Suer’s Diamond Wood Floors was recently recognized by the National Wood Flooring Association for a Bordeaux floor he and Joe Congleton, marketing head, created and placed into an area home.
“Every year there’s the National Wood Flooring Competition,” said Suer. “There are multiple categories. We entered in parquetry.”
The floor, containing an intricate Bordeaux pattern, received an honorable mention.
Most of the work on the floor took place at the business’s Damascus Road shop, where Suer and Congleton crafted each of the pieces individually.
“Each piece had its own measurements and had to be routed a certain way,” said Congleton.
It took about a week of prep work before the floor was ready to be installed. The installation took about a day.

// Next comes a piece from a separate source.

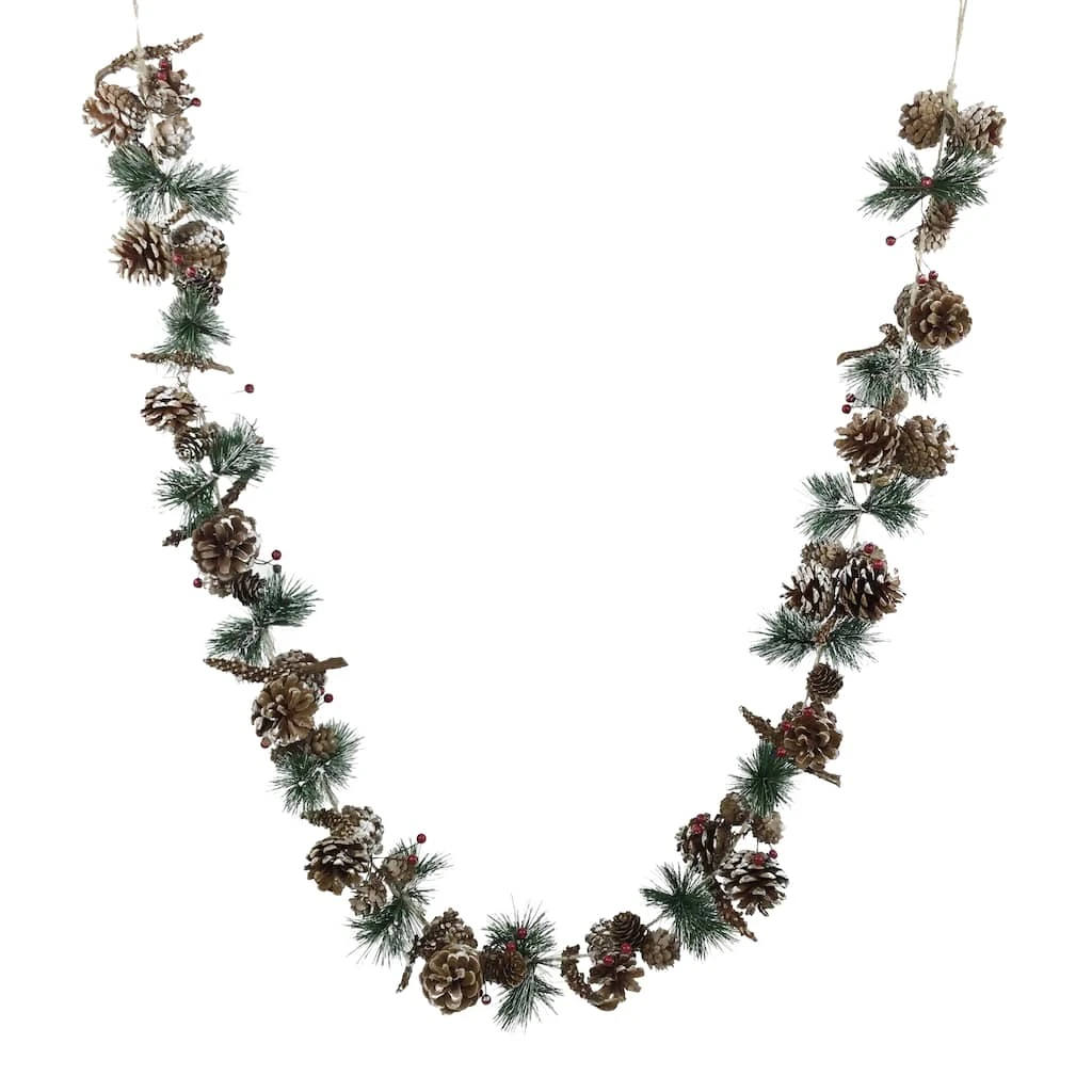 Give your holiday decorating a lovely touch of festive greenery with this garland of snowy pine and pinecones. Embellish with sparkling clear lights and ribbon or display as is draped over a doorway, window frame, mantel or bannister to bring a little magic into your home this Christmas.

“Once the puzzle pieces are cut, then you just start throwing them together,” said Suer. “It’s basically a giant rectangle.”
For the award-winning floor, the homeowners needed to bring together two floors in adjacent spaces and wanted to use the pattern to marry them.
This isn’t the first time Suer has won a flooring award. He won for best color and finish application in 2019 for a flooring medallion he created that glowed in the dark.
Suer has been in business since 2002 and does a lot of floor restoration in older homes. He focuses on the Augusta area but has worked on floors in North Carolina and other parts of Georgia and South Carolina.
As a member of the flooring association, he has certified installers on his staff and takes classes to maintain that certification. He often learns new techniques that he enjoys putting to the test.
“I live for the creative,” he said. “Every time I take on a difficult job, I get really excited. When I’m done with it, I’m banging my head against the wall, saying ‘I’ll never do it again,’ but I do.”
Many people, however, opt for standard linear wood floor installations. Sometimes, they may play with the lines by using chevron or herringbone patterns. At other times, they may make borders in their floors.
Suer said the options for floors, however, are endless.
“Maybe people don’t even think of it, or they think it’s something that’s inaccessible,” he said. “When you start looking into patterns, it can be overwhelming.”
Suer plans to move his business to McDuffie County, where he’ll have more space to create. He said he’d like to do more work with people’s entryways to make those floors stand out.